TRIGGER WARNING: The article you are about to read may contain upsetting and/or disturbing information concerning sexual assault
Although most memories from a couple of years ago are hazy, there are some key moments in your life that really stick, and this is one of them.
First of all I’d like to make one thing clear, and that is what classifies as assault. Many girls often dismiss assault because it may be normalized or they may just be too scared to speak up. If either of these apply to you, know that assault of any significance should be talked about and reported. Sexual assault is defined as “intentional sexual contact when the victim does not or cannot consent”. Now that I’ve got that out of the way, I’d like to share with you my story for the simple reason that I felt so horrible, so ashamed, and so unclean for a long time after my encounter with a guy I’ll just call “x”, and I hope with all my heart that girls with similar experiences will be encouraged to move on just as I finally managed to do.

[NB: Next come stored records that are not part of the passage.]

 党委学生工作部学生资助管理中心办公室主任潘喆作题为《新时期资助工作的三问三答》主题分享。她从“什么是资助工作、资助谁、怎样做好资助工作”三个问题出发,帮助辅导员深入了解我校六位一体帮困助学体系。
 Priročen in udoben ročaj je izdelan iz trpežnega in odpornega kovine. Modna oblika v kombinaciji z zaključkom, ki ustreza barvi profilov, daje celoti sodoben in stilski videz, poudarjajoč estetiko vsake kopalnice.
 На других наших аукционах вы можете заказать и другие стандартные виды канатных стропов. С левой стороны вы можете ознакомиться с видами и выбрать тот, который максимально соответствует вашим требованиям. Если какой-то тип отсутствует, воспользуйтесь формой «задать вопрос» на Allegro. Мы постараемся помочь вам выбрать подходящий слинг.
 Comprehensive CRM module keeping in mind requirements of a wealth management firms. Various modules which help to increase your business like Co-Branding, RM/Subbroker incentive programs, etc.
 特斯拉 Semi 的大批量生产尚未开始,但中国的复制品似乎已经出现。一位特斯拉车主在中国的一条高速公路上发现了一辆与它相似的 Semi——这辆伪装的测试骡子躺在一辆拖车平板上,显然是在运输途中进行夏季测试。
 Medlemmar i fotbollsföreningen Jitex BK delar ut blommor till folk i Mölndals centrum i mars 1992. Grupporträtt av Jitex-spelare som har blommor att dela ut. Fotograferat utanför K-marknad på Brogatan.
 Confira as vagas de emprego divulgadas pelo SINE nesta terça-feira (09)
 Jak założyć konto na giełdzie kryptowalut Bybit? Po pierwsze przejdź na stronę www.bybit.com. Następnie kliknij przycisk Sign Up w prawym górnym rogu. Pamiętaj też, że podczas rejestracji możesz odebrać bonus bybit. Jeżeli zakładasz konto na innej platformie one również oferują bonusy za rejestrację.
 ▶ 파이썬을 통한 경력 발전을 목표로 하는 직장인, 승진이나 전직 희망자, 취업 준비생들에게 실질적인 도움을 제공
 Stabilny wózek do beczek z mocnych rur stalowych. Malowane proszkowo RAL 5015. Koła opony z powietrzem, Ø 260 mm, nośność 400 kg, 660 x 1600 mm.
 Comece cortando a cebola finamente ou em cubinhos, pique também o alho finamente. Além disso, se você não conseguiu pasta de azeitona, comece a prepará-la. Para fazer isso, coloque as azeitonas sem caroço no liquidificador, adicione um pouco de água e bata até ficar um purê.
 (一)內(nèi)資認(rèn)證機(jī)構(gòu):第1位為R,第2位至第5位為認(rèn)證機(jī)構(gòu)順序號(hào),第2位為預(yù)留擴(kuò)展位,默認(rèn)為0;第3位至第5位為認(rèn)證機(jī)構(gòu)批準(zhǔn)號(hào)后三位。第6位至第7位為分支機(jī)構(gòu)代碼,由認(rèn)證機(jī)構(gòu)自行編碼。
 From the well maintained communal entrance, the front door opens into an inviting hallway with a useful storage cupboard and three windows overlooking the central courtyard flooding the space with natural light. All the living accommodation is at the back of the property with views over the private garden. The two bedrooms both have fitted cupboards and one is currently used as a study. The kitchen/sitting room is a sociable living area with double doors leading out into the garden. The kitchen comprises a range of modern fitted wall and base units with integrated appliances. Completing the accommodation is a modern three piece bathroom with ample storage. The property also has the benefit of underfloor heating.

It was mid-July and since I live in Greece, I was obviously with a group of friends going from island to island drinking a bit too much at times, going out most nights, and whatnot. It was quite late at night and I was feeling as if I was gonna collapse at any moment, so I left my friends and went to sit under the church next to the beach.
While I was feeling like total crap, this guy that I had been flirting with on and off while walking around the city apparently decided to sit right next to me, placing his hand between my thighs. I tried to scoot away, not saying anything so as not to embarrass or offend him, which in hindsight seems very stupid and cowardly… but back then, I didn’t know any better.

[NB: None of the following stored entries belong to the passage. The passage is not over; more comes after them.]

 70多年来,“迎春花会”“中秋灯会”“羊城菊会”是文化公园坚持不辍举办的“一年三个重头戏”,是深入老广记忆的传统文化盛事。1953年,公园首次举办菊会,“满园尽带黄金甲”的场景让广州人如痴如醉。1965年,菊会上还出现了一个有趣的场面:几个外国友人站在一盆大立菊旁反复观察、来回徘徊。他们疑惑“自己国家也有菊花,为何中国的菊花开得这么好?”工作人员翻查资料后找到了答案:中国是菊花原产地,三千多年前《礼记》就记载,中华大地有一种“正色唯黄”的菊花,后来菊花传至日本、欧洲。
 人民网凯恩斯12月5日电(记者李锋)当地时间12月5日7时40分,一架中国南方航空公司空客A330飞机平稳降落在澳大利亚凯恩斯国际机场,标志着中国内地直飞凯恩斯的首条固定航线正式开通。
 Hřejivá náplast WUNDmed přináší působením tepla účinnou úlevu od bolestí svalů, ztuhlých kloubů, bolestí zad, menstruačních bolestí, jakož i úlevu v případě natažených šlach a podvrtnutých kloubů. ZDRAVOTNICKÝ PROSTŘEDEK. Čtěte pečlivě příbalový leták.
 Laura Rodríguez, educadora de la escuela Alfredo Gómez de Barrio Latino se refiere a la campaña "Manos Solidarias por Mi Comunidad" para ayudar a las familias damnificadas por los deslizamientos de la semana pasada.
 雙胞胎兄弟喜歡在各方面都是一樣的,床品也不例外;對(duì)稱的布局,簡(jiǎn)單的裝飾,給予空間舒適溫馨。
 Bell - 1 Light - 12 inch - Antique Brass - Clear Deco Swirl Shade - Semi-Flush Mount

We didn’t talk much and before I knew it he was kissing my neck. By that point, I was unbelievably uncomfortable and told him that my friends would probably be searching for me but he just shrugged and mumbled something like, “we have time.”

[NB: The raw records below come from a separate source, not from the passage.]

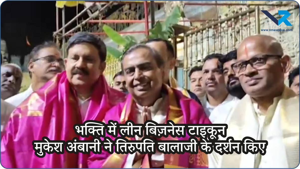 भारत के प्रमुख उद्योगपति और रिलायंस इंडस्ट्रीज लिमिटेड के चेयरमैन मुकेश अंबानी ने आज सुबह तिरुमाला तिरुपति बालाजी मंदिर में भगवान श्री वेंकटेश्वर के दर्शन किए। इस अवसर पर उन्होंने ‘सुप्रभात सेवा’ में भाग लिया, जो मंदिर में होने वाले सबसे विशेष और पवित्र अनुष्ठानों में से एक है।
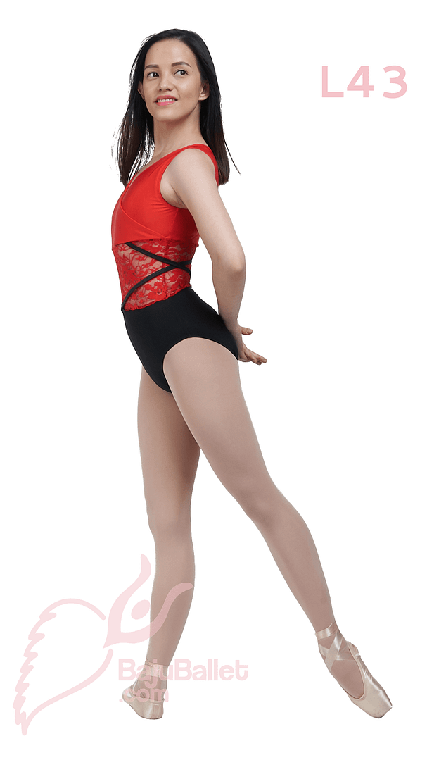 - Bagian tengah (antara dada dan perut) menggunakan kain brokat stretch warna Merah dengan ban elastis warna Hitam untuk memberikan warna kontras
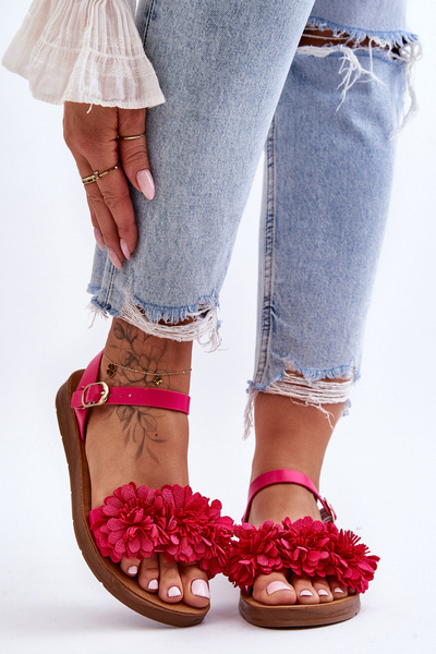 Жіночі босоніжки з текстильними квітами Fuchsia Fiori
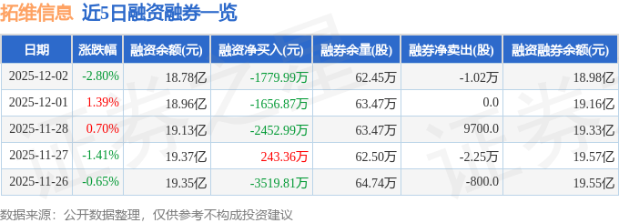 拓维信息融资融券信息显示,融资方面,当日融资买入5958.38万元,融资偿还7738.37万元,融资净偿还1779.99万元。融券方面,融券卖出3300.0股,融券偿还1.35万股,融券余量62.45万股,融券余额1949.0万元。融资融券余额18.98亿元。
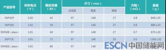 目前,億緯鋰能已擁有容量分別為42Ah、50Ah、72Ah的三款方形鋁殼三元電池產(chǎn)品,并在開發(fā)60Ah、80Ah的下一代產(chǎn)品,尺寸均符合VDA標準。這類電池采用多極耳卷繞工藝,內(nèi)阻小,循環(huán)性能好,生產(chǎn)效率較疊片高1倍以上;單體能量密度達到200Wh/kg,成組效率高達90%。
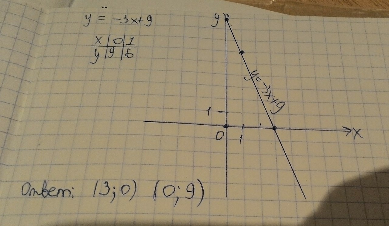 Вычислите координаты точек в которых прямая y=-3x+9 пересекает ось x, ось y. Постройте эту прямую.
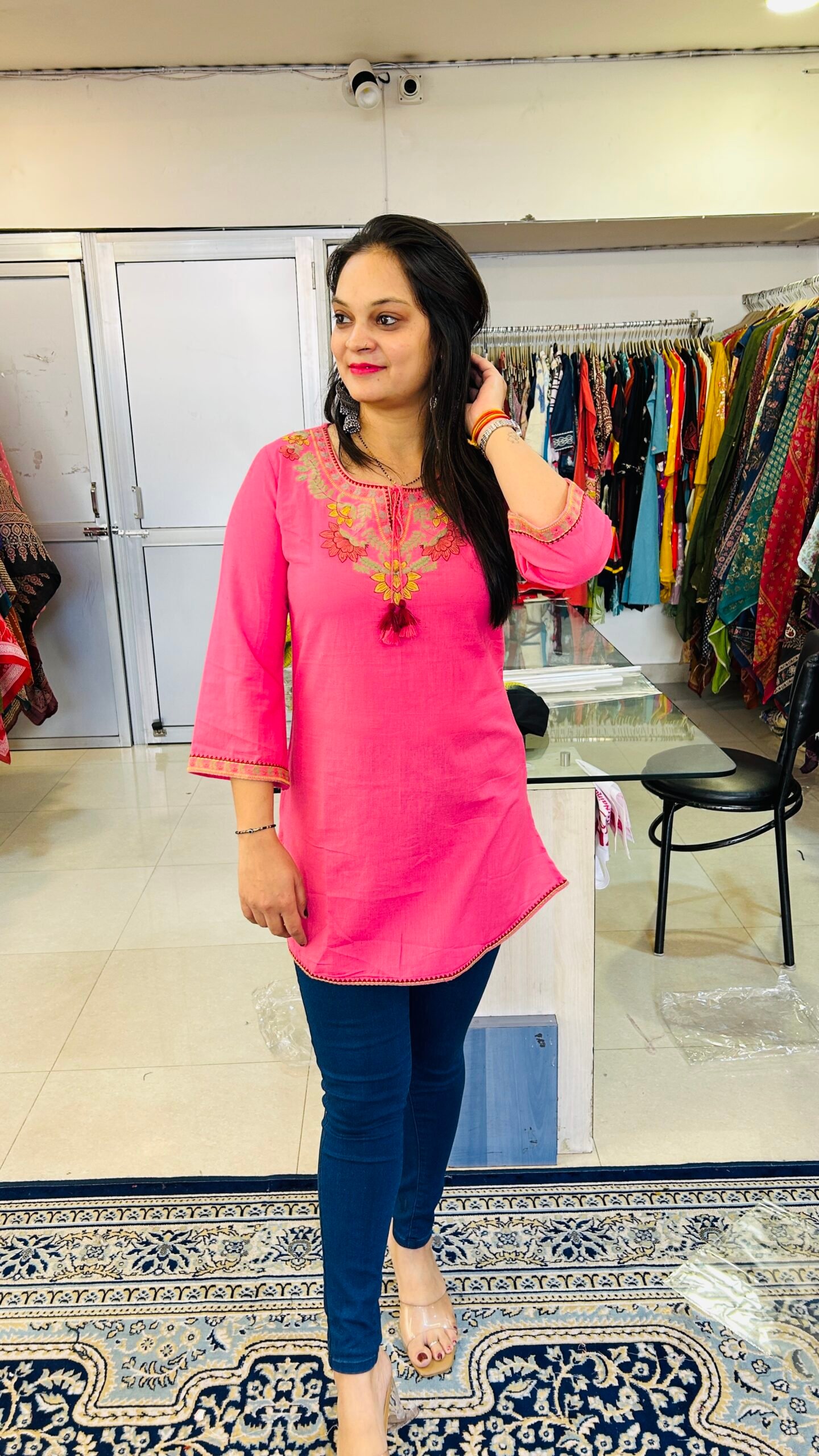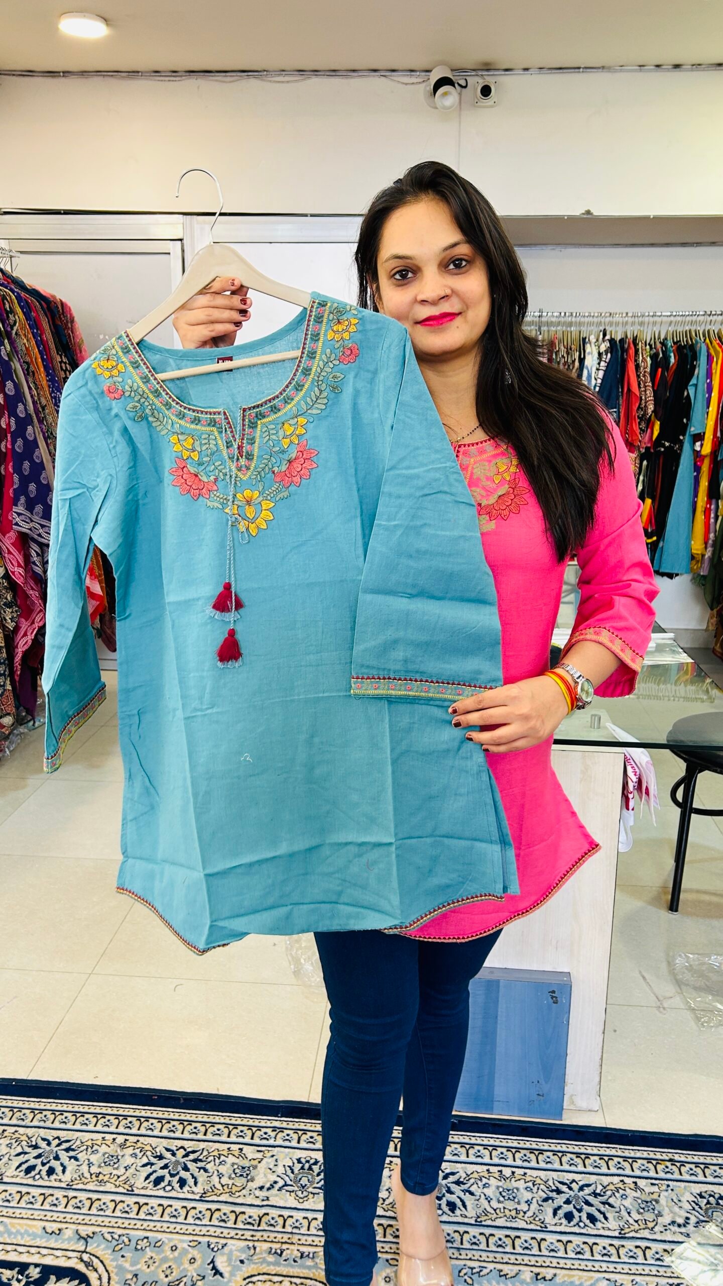This short kurti is designed with a modern silhouette, making it incredibly easy to style with trousers, leggings, or your favorite pair of denims. It is a versatile must-have for anyone seeking an effortless aesthetic ethnic look.
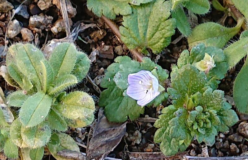 ●秋に芽を出して他の植物が繁茂しない冬に横に広がって育ち 早春に薄紫色の花をつける「オオイヌノフグリ」が雪の消えた畑で花をつけていました 今年は雪もなく例年になく早く花を咲かせています 寒さに耐えるため細胞内の糖濃度を高める機能を持ち 葉と茎に生える短い毛で雪と霜を遠ざけて保温するのだそうです 別名「星の瞳」とも呼ばれていて「オオイヌノフグリ」とは大違いです
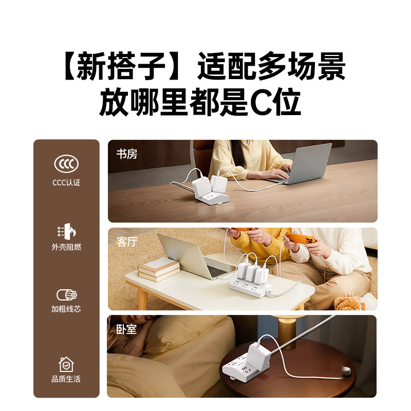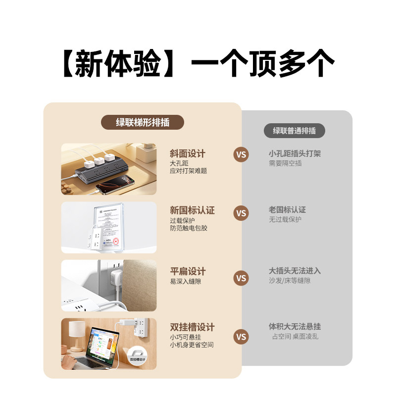 绿联T6梯形排插插座插板接线板大间距多功能桌面usb充电多孔插排 - 绿联数码旗舰店

I didn’t really know what to say and before I knew it, he was unzipping my jeans. Honestly I was quite scared by that point. He wasn’t that much older than me but I was in a state of total shock, partly thinking of excuses and partly thinking of what the hell I had done to lead him on so much. Fortunately, after a couple minutes when he had put his hand down my pants, I got a call from my “dad” saying that he was about to come “pick us up.”
That was my first sexual experience. I never saw “x” again but I still shiver whenever I think of him.
The reason I wanted to tell this story was because for so long I blamed myself and asked myself what had I done wrong. I don’t blame myself anymore because I know I did not do anything wrong.
Many girls have experienced this at a very young age and that’s what I want whoever reads this to take from my story. It’s not your fault.